Are we behind the times or are there some in PE?


----------



## Stroodlepuff

Gary Des Scnade
PE Agent
99 Villiers Road, Walmer - Tel: 079 157 2178


----------



## Nightwalker

Stroodlepuff said:


> Gary Des Scnade
> PE Agent
> 99 Villiers Road, Walmer - Tel: 079 157 2178


Omg. I'm on the WhatsApp group with him. Didn't think to ask there


----------



## Vaperite South Africa

We are thinking about opening a vape shop and vape lounge in PE. If any PE vapers would like to manage a vape shop please PM me. We will need two full-time employees


----------



## Nightwalker

Vaperite South Africa said:


> We are thinking about opening a vape shop and vape lounge in PE. If any PE vapers would like to manage a vape shop please PM me. We will need two full-time employees


I can't do that, but I'll be a full time client


----------



## Vaperite South Africa

shaun patrick said:


> I can't do that, but I'll be a full time client


Please put the word out if you know of any young vape fanatics looking for a fun and rewarding job

Reactions: Like 1


----------



## Nightwalker

Vaperite South Africa said:


> Please put the word out if you know of any young vape fanatics looking for a fun and rewarding job


Done


----------



## Silver

Moved this thread to the "Who has stock" forum for the benefit of the vendors that choose to reply

Reactions: Like 1


----------



## Vaperite South Africa

Thanks Silver. Already had positive responses and may have found the perfect PE shop manager and vape fanatic. We are working on the shop location and waiting to hear from the landlord. If we get this location it will pump.
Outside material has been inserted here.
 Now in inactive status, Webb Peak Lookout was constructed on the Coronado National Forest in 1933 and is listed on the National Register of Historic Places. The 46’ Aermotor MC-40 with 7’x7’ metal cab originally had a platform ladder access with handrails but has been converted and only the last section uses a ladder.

Reactions: Like 1 | Winner 4


----------



## Nightwalker

Vaperite South Africa said:


> Thanks Silver. Already had positive responses and may have found the perfect PE shop manager and vape fanatic. We are working on the shop location and waiting to hear from the landlord. If we get this location it will pump.
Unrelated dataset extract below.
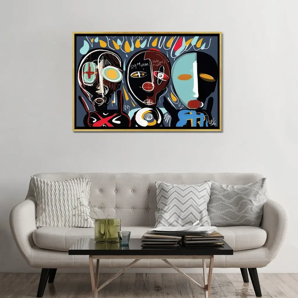 Icanvas "We Are A Family" By Emmanuel Signorino Framed Canvas Print - Gold - 18x26

I would be interested in knowing what's planned, wld you msg me?


----------



## MickeyVapes

Any news on this?


----------



## Nightwalker

MickeyVapes said:


> Any news on this?


The best place around is the Vapeshack, kings court mall. Newly opened but owner has been around awhile. Go in at the barn and owl entrance

Reactions: Thanks 1


----------



## StangV2_0

Is Vape Shack the only store in PE? I heard there may be another one. Vape Corner or something..


----------



## Nightwalker

StangV2_0 said:


> Is Vape Shack the only store in PE? I heard there may be another one. Vape Corner or something..


There's the shack.(vape shop)
Then there's the lounge (vape shop) at the boardwalk.
There's weselys at the bridge, but more of a tobacconist.
There's chazis, (expensive) at moffet on main.


----------



## StangV2_0

Nightwalker said:


> There's the shack.(vape shop)
> Then there's the lounge (vape shop) at the boardwalk.
> There's weselys at the bridge, but more of a tobacconist.
> There's chazis, (expensive) at moffet on main.
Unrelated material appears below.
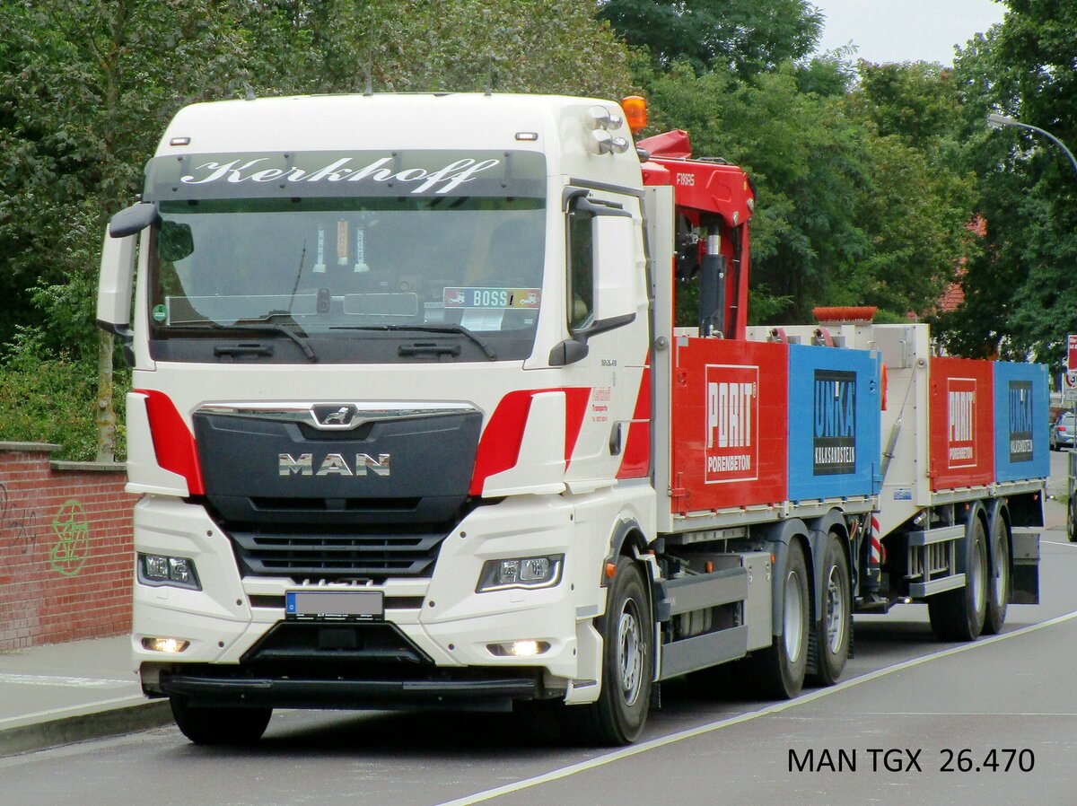 MAN TGX 26.470 Hängerzug zum Transport von Baustoffen am 21.09.2021 im Land Brandenburg. Ladekran am Heck des Motorwagens und Tandemanhänger.

Thanks for quick reply dude!! Moffet on main has a vape shop? 

Im looking for a drip tip adapter. Picked up a limitless 24 Rda and i hate the massive hole on top. Think its a 510 Delrin drip tip adapter that I need. 


Sent from my SM-N910F using Tapatalk


----------



## Nightwalker

StangV2_0 said:


> Thanks for quick reply dude!! Moffet on main has a vape shop?
> 
> Im looking for a drip tip adapter. Picked up a limitless 24 Rda and i hate the massive hole on top. Think its a 510 Delrin drip tip adapter that I need.
> 
> 
> Sent from my SM-N910F using Tapatalk


If the shack or the lounge doesn't have it, then try SirVape or vapers Corner


----------



## StangV2_0

Nightwalker said:


> If the shack or the lounge doesn't have it, then try SirVape or vapers Corner


Do you perhaps have an address or preferably a contact number for me? Never been to those shops. 

Vape Shack and Chiloz dont have. 

Sent from my SM-N910F using Tapatalk


----------



## Nightwalker

StangV2_0 said:


> Do you perhaps have an address or preferably a contact number for me? Never been to those shops.
> 
> Vape Shack and Chiloz dont have.
> 
> Sent from my SM-N910F using Tapatalk


http://www.vaperscorner.co.za

http://www.sirvape.co.za

Reactions: Like 1


----------